====== Lab 4 ====== **Try to complete as many problems as you can. Hand in a python code file (''fullName_lab4.py'') with what you have finished in MySchool before midnight today (10 September). ** If you can't manage to complete a particular problem please hand in your incomplete code -- comment it out if it produces an error. See the [[http://www.nltk.org/howto/collocations.html|NLTK Collocations howtow]] for help. ===== 1. Bi- and Trigram Collocation finders =====


import nltk
from nltk.collocations import *
from nltk.metrics import BigramAssocMeasures, TrigramAssocMeasures, spearman_correlation, ranks_from_scores
from nltk.corpus import brown, stopwords

TODO: * Create a Bigram Collocation Finder for the Brown Corpus. * Apply a filter to remove bigrams that occur less than two times. * Apply a filter to remove bigrams that contain stopwords (''stopwords.words('english')'') and words that are two characters or shorter. * Print out the 20 most **frequent bigrams**. REPEAT THIS FOR BOTH: * Bigrams using a window of size 3. * Trigrams. ===== 2. Trying out different association measure functions ===== TODO: * Try out some other measure functions, at least ''pmi'', ''likelihood_ratio'', ''mi_like'', ''chi_sq''. * Print out the top 20 bigrams using each of the selected measure functions. * You can use ''help(BigramAssocMeasures.pmi)'' etc. and google to try to understand the difference between them. [[http://www.nltk.org/_modules/nltk/metrics/association.html]] ===== 3. Bigrams and tagged corpora ===== TODO: * Create a Bigram Collocation Finder for the tagged version of the Brown Corpus. * Print out the 20 most frequent word/tag bigrams. * Create a Bigram Collocation Finder for the tagged version of the Brown Corpus, **using only the tags**. * Print out the 20 most frequent tag/tag bigrams. * Do you think any other association measures than raw frequency might be useful here? ===== 4. Correlations between association measure functions ===== The Spearman correlation coefficient (1 = the same, -1 the opposite) can be used to compare the different association measure for a corpus or text, e.g. compare ''pmi'' agains the ''raw_freq'' of the corpus. It can also come in handy when trying to understand the difference between the available association measures, e.g. compare ''likelihood_ratio'' and ''mi_like'' etc.


finder = [...]
print('Correlation: %0.3f' % spearman_correlation(
    ranks_from_scores(finder.score_ngrams(BigramAssocMeasures.pmi)),
    ranks_from_scores(finder.score_ngrams(BigramAssocMeasures.raw_freq))))

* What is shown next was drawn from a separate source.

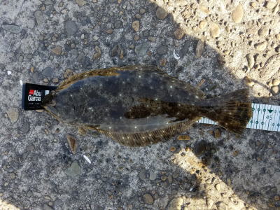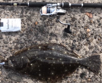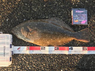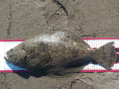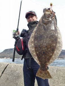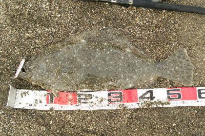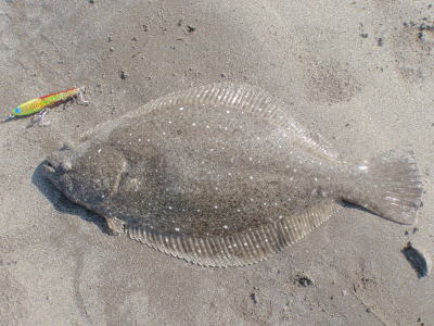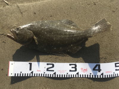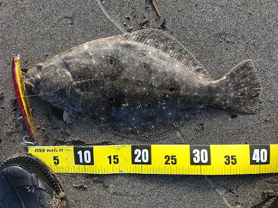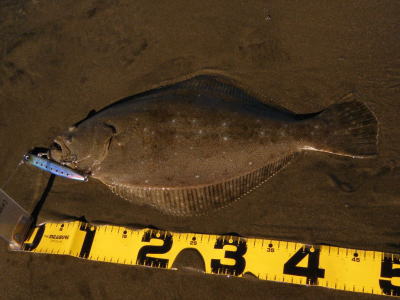 | かなり遠投して沖のヨブカケ上がりでヒット一度外れたんですが軽くしゃくったら追い食いしてきました。今年初のいいヒラメでした。 | 2日前にバイトがあったけどフッキングに至らなかったポイントを再度攻めてみたところ、居ました。里帰りしている娘たちに食べさせることができます、ヒラメに感謝! | |||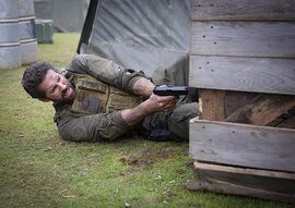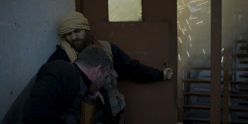 而为了合理化海豹突击队员以一敌十的能力——除了后来主角单枪匹马潜行玩个人solo的段落不提(这段场景中的近身格斗设计得非常精彩),其实镜头中已经给了很多扎实的细节来展示小分队的团队战术素养。

TODO: * Compare different association measures and see which are similar and which are farthest from the raw frequency. ===== 5. Working with Bigram scores ===== The following code snippet shows an example of how you can use ''score_ngrams'' to get the bigram scores to work with them directly. Feel free to play around with it or try to improve on the code. **Note that this is not a problem to be solved so there is no need to hand anything in.**


import nltk.collocations
from nltk.corpus import brown
from collections import defaultdict

finder = nltk.collocations.BigramCollocationFinder.from_words(
    nltk.corpus.brown.words())
scored = finder.score_ngrams(
    nltk.collocations.BigramAssocMeasures.likelihood_ratio)

#create a defaultdict of lists
prev_word = defaultdict(list)

#group by first word in bigram                                       
for key, scores in scored:
   prev_word[key[0]].append((key[1], scores))

#sort each list by highest association measure                                
for key in prev_word:
   prev_word[key].sort(key = lambda x: -x[1])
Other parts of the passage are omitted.